De schoolmeester van Westwoud
In 1694 werd Jan de Boer in Westwoud als nieuwe schoolmeester aangenomen. Naast schoolmeester was Jan ook koster aldaar. Al snel waren er over hem klachten in het dorp. De ouders waren niet bepaald enthousiast over zijn kwaliteiten als schoolmeester.

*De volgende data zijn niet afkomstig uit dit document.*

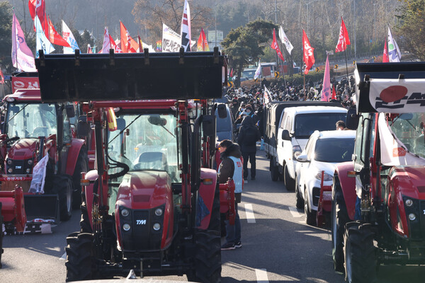 22일 전농 등에 따르면 '전봉준 투쟁단' 트랙터 30여대와 화물차 50여대는 전날 정오쯤 과천대로를 통해 서울에 진입하려다 서초구 남태령 고개 인근에서 경찰에 저지된 뒤 그 자리에서 약 20시간째 대치 중이다.

Ze vonden dat Jan erg weinig ervaring had met lesgeven. Ook vonden de ouders de manier van onderwijzen van Jan niet goed. De eerste akten over deze zaak zijn van september 1696.
Jan de Boer
Jan de Boer zou zich tijdens de lessen zo gedragen ‘dat haar kinderen niets bij hem leeren‘. Hij had moeite met orde houden tijdens de lessen. Een getuige verklaarde vaak te hebben ‘gehoort, gesien en bespeurt, dat geen de minste ordre in ’t school was‘. De getuige zag de kinderen vaak en lang buiten de school lopen. Het leek er volgens de getuige op dat Jan ‘seer laat in ’t school quam, waardoor een groote menigte kinderen in de nabuurige plaatsen werden school gesonden‘. Er waren dus geen vaste lestijden. Dit tot ergernis van de ouders: ‘selfs ’t school op de behoorlijke tijt niet opende, sulcx de kinderen niet in ’t school kunnen komen, maar voor de poort moeten blijven staan‘. Het was dus onduidelijk wanneer Jan aanwezig was in de school. ‘alsoo hij dan eens school hield, ende dan wederom niet‘.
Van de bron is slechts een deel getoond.